What the task asks: Exactly the lines from the beginning of the listing below through the line that contains "Она в этот момент" should be transcribed, and pictures must stay out.

Information provided:

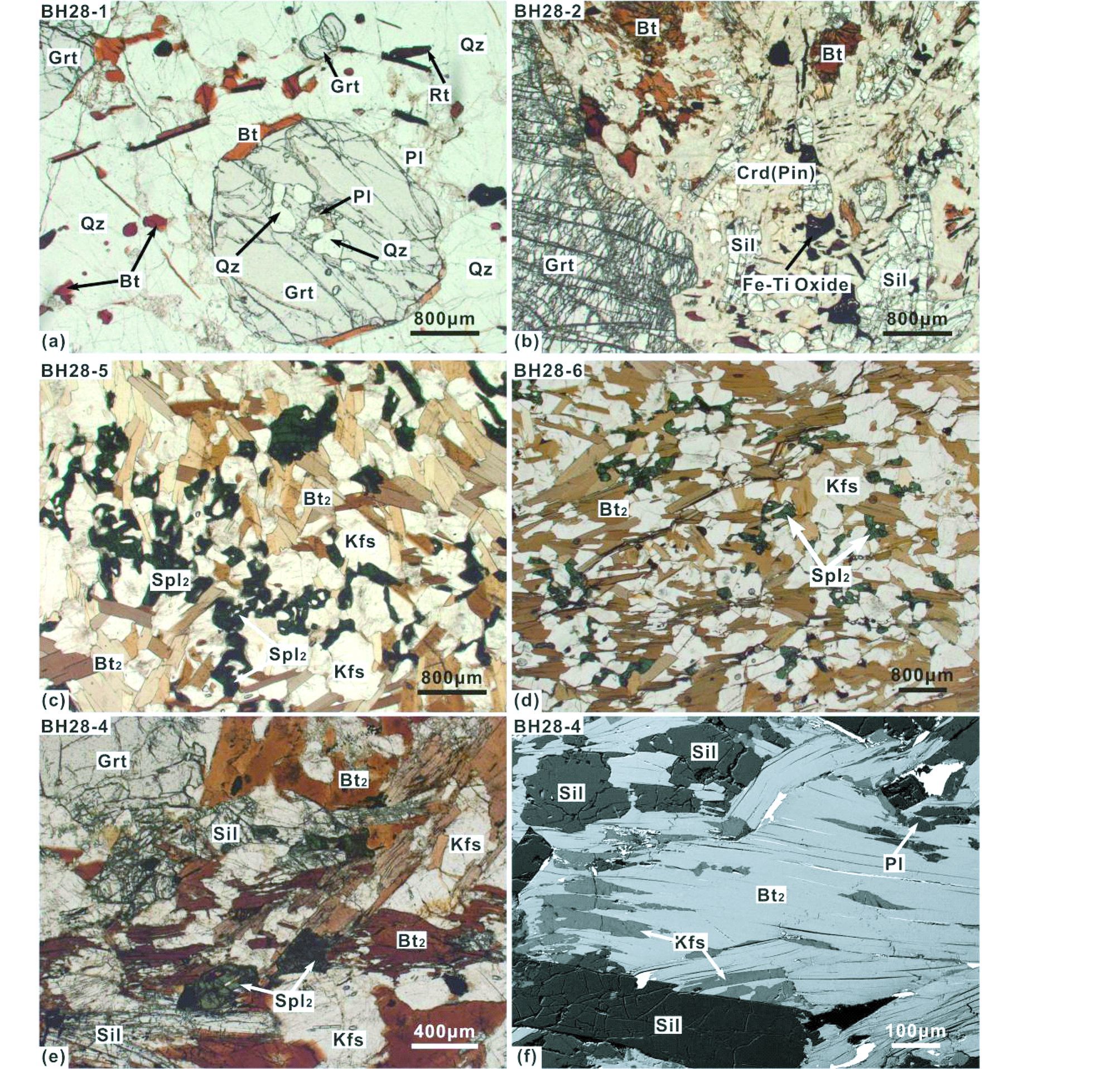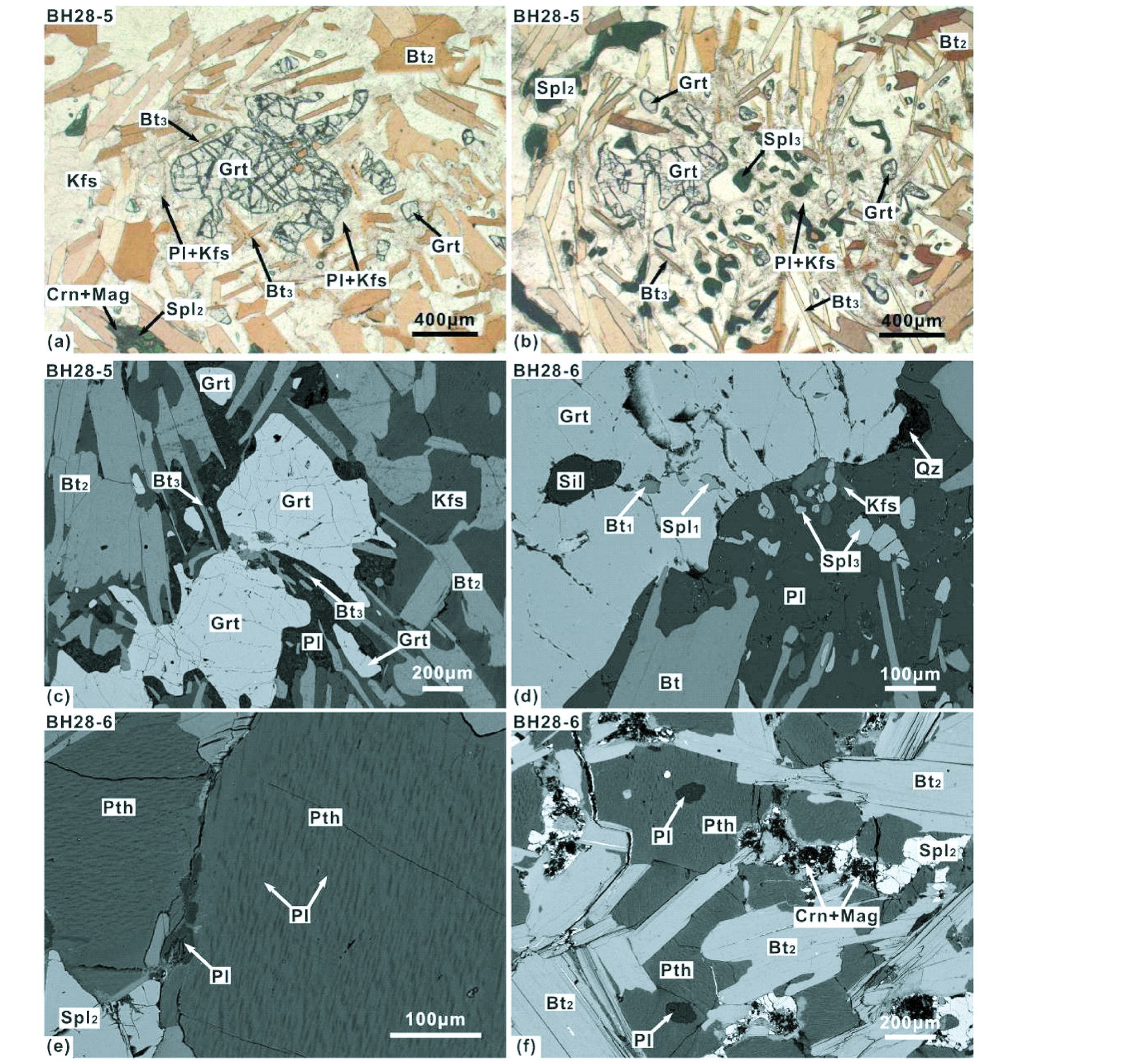 图 3 黑云石榴长英质粒状岩石(BH28-1)、石榴堇青夕线二长片麻岩(BH28-2)、含榴尖晶夕线黑云钾长片麻岩(BH28-4)和含榴尖晶黑云钾长片麻岩(BT28-5和BT28-6)显微结构照片 (a)-石榴石变斑晶内包裹浑圆状石英和斜长石,石榴石边部围绕黑云母和斜长石(PL图像);(b)-石榴石变斑晶边部出现堇青石(蚀变)反应边,堇青石中含有残留的夕线石、黑云母和Fe-Ti氧化物(PL图像);(c、d)-基质中的尖晶石、黑云母和钾长石(PL图像);(e)-石榴石、尖晶石、钾长石、黑云母和夕线石平衡共生(PL图像);(f)-黑云母脱水生成细粒钾长石和斜长石,沿黑云母解理缝方向分布(SEM图像) Fig. 3 Typical mineral assemblages and micro-textures in quartzo-feldspathic rocks(BH28-1),garnet-cordierite-sillimanite-bearing paragneiss(BH28-2),garnet-spinel-sillimanite-bearing paragneiss(BH28-4)and garnet-spinel- biotite-bearing paragneisses(BH28-5 and BH28-6) (a)-quartz and plagioclase as inclusions preserved in garnet porphyroblast which is surrounded by fine-grained biotite and plagioclase(PL);(b)-garnet relict rimmed by cordierite corona(pinitized)in which sillimanite,biotite and Fe-Ti oxide are preserved(PL);(c,d)-biotite together with K-feldspar and spinel as matrix minerals in garnet-spinel-biotite-bearing paragneisses(BH28-5 and BH28-6)(PL);(e)-garnet,spinel,K-feldspar,biotite and sillimanite distributed in the matrix of garnet-spinel-sillimanite-bearing paragneiss(BH28-4)(PL);(f)-K-feldspar and plagioclase as newly fine-grained minerals formed by biotite dehydration,and distributed along the cleavages of biotite(SEM) |
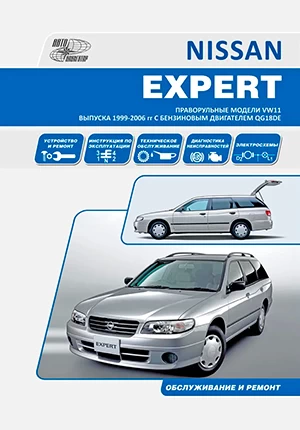 Руководство по эксплуатации, техническому обслуживанию и ремонту праворульных автомобилей Nissan Expert VW11 выпуска 1999-2006 гг., 2WD и 4WD, оснащенных бензиновым двигателем QG18DE (1.8).
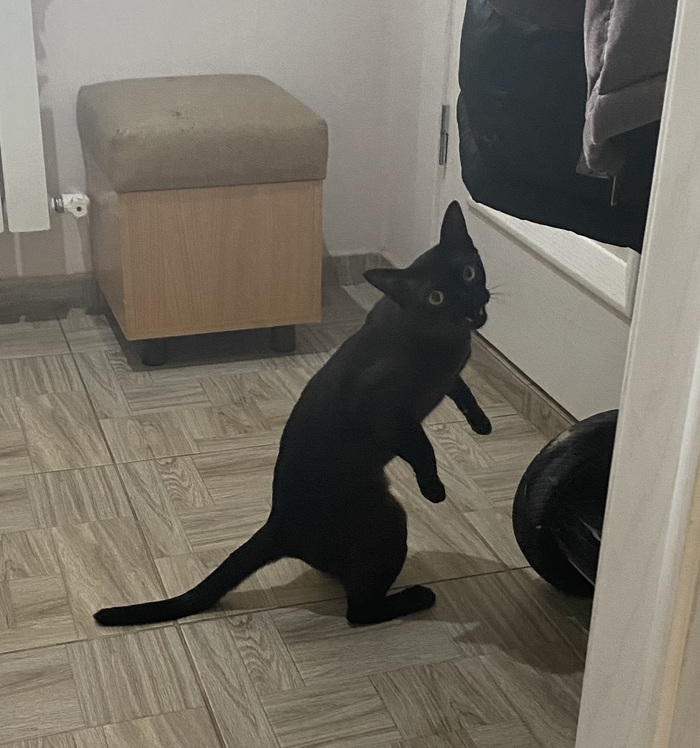Она в этот момент уже собиралась садиться, стояла ко мне спиной и не видела, что стула больше нет.
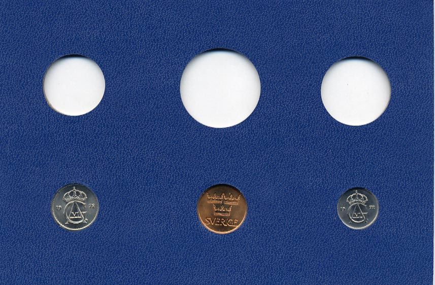 Швеция 5, 10, 25 эре 1972 Густав VI Адольф (1950-1973) в картоне набора монетного двора UNC 7-5-7-268

Your solution:
 图 3 黑云石榴长英质粒状岩石(BH28-1)、石榴堇青夕线二长片麻岩(BH28-2)、含榴尖晶夕线黑云钾长片麻岩(BH28-4)和含榴尖晶黑云钾长片麻岩(BT28-5和BT28-6)显微结构照片 (a)-石榴石变斑晶内包裹浑圆状石英和斜长石,石榴石边部围绕黑云母和斜长石(PL图像);(b)-石榴石变斑晶边部出现堇青石(蚀变)反应边,堇青石中含有残留的夕线石、黑云母和Fe-Ti氧化物(PL图像);(c、d)-基质中的尖晶石、黑云母和钾长石(PL图像);(e)-石榴石、尖晶石、钾长石、黑云母和夕线石平衡共生(PL图像);(f)-黑云母脱水生成细粒钾长石和斜长石,沿黑云母解理缝方向分布(SEM图像) Fig. 3 Typical mineral assemblages and micro-textures in quartzo-feldspathic rocks(BH28-1),garnet-cordierite-sillimanite-bearing paragneiss(BH28-2),garnet-spinel-sillimanite-bearing paragneiss(BH28-4)and garnet-spinel- biotite-bearing paragneisses(BH28-5 and BH28-6) (a)-quartz and plagioclase as inclusions preserved in garnet porphyroblast which is surrounded by fine-grained biotite and plagioclase(PL);(b)-garnet relict rimmed by cordierite corona(pinitized)in which sillimanite,biotite and Fe-Ti oxide are preserved(PL);(c,d)-biotite together with K-feldspar and spinel as matrix minerals in garnet-spinel-biotite-bearing paragneisses(BH28-5 and BH28-6)(PL);(e)-garnet,spinel,K-feldspar,biotite and sillimanite distributed in the matrix of garnet-spinel-sillimanite-bearing paragneiss(BH28-4)(PL);(f)-K-feldspar and plagioclase as newly fine-grained minerals formed by biotite dehydration,and distributed along the cleavages of biotite(SEM) |
 Руководство по эксплуатации, техническому обслуживанию и ремонту праворульных автомобилей Nissan Expert VW11 выпуска 1999-2006 гг., 2WD и 4WD, оснащенных бензиновым двигателем QG18DE (1.8).
Она в этот момент уже собиралась садиться, стояла ко мне спиной и не видела, что стула больше нет.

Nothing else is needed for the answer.